Lonmin write down an omen of stricken sector

[miningmx.com] – THE write-down of Lonmin’s assets for a maximum of R2.05bn could be the first of many in South Africa’s platinum sector.

There were no impairments booked by the country’s platinum producers in the year to June which accounts for the full-year and interim periods with companies hoping that the platinum price would effectively bail them out of an asset revaluation.

“If you add back another $200/oz to the platinum price, then maybe no write-downs would be required,’ said a senior metals analyst at an auditing firm.

The platinum group metal (PGM) market in dollar terms continues to indicate, however, that there’s significant oversupply.

Andrew Byrne, an analyst at Barclays Capital, said the announcement by Lonmin of a 50% plus write-down of its assets was “… a major step in addressing the underlying issues, and hopefully will spur peers into make similar announcements through 2016 in order to allow an improvement assumption environment for decision making over the next decade”.

“Yes, there’s much more to come from the rest still,” said a UK-based analyst on the likelihood of more write-downs. Commenting specifically on Lonmin, Leon Esterhuizen, an analyst for CIBC Capital Markets, said: “For a company to write down its value by 10 times its current market cap certainly tells you what the market thinks of real value.

“We don’t know (yet) what metal prices were used to still have a remaining value of some $1.7bn … but it is educational to see whatever the company’s value is, it can drop by 60% in one day and shareholders then still face a compounding dilution on a per share basis (in excess of 60%) after all that,” he said.

Analysts think that management of platinum producing companies in particular have been too optimistic about the recovery of the PGM market with Barclays forecasting a surplus in the market through to 2020.

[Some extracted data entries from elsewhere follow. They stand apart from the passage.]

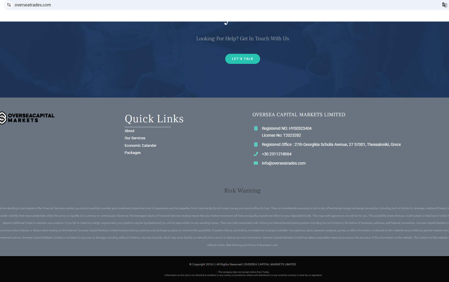 According to its website, it claims to be registered with MWALI INTERNATIONAL SERVICES AUTHORITY (MISA). Upon investigation, no matching information was found in the MISA. In essence, Oversea Capital Markets Limited is not regulated by any governing body. Entrusting it with investors' funds is highly risky, as there are no legal protections in place to safeguard the funds. Oversea Capital Markets Limited appears to be a scam.
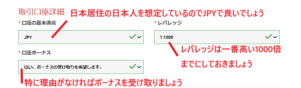 「レバレッジ」に関しては、最も高いレバレッジである「1:1000」を選択しましょう。レバレッジの意味については別の記事で詳述しますが、ひとまず最初の登録時には、最も高いレバレッジが利用できるようにしておきましょう。登録レバレッジよりも低いレバレッジでトレードをする分には問題はありませんので。
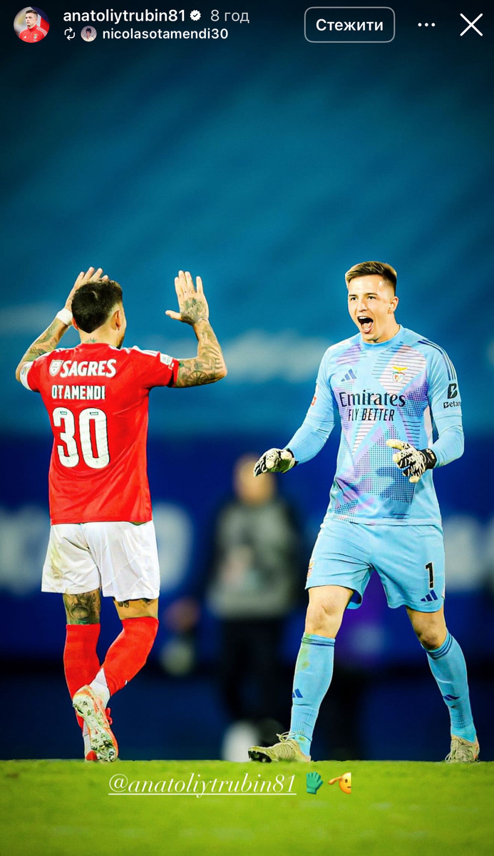 Капітан Бенфіки Ніколас Отаменді відзначив у соцмережах виступ одноклубника Анатолія Трубіна у матчі проти Ешторіла.
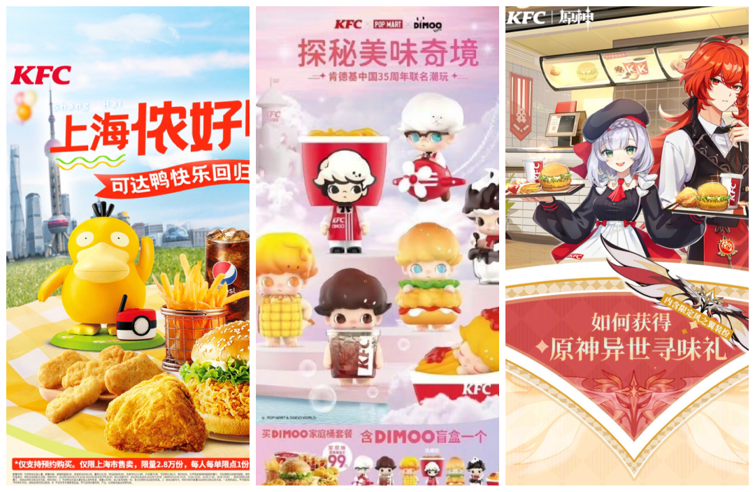 实际上,可达鸭的火爆,对肯德基来说也并非稀罕事。这件事往前数,肯德基层凭借跟泡泡玛特盲盒联动而将餐品在二手市场卖出了8倍的价格。再往前,肯德基还比必胜客更早就与国产二次元手游原神联动,在当时就贡献了不少名场面。

So with its write-down out of the way, and with a rights issue most likely to be under control, what does the future hold for Lonmin?

“I would hope management delineate a long term – beyond three years – business profile since most of the remaining equity value in Lonmin would be based on long-term PGM prices, not today’s,” said Marc Elliott, an analyst for Investec Securities.

According to Byrne, Lonmin stands at the centre of a debate that runs to the heart of the entire South African PGM sector: essentially, whether the sector is ‘investible’ or if, in fact, some participants in the sector such as Lonmin, should be allowed to fail in order to revive the fortunes of the survivors.

“Despite announcing major cost cutting and ore reserve harvesting plans, and capex deferrrals, we calculate that without increases to the ZAR (rand) PGM basket, Lonmin will generate $231m of negative free cashflow over the next three years in a “best case scenario’,” said Byrne.

“More realistically, we expect the company to consume $575m and need to raise further capital in 2018 in order to remain solvent,” he said.

It’s a view that has the support of Esterhuizen.

“Unless the metal price picks up a lot from here – and that has to happen within the next three years – Lonmin is back in the hole with a much bigger problem,” he said.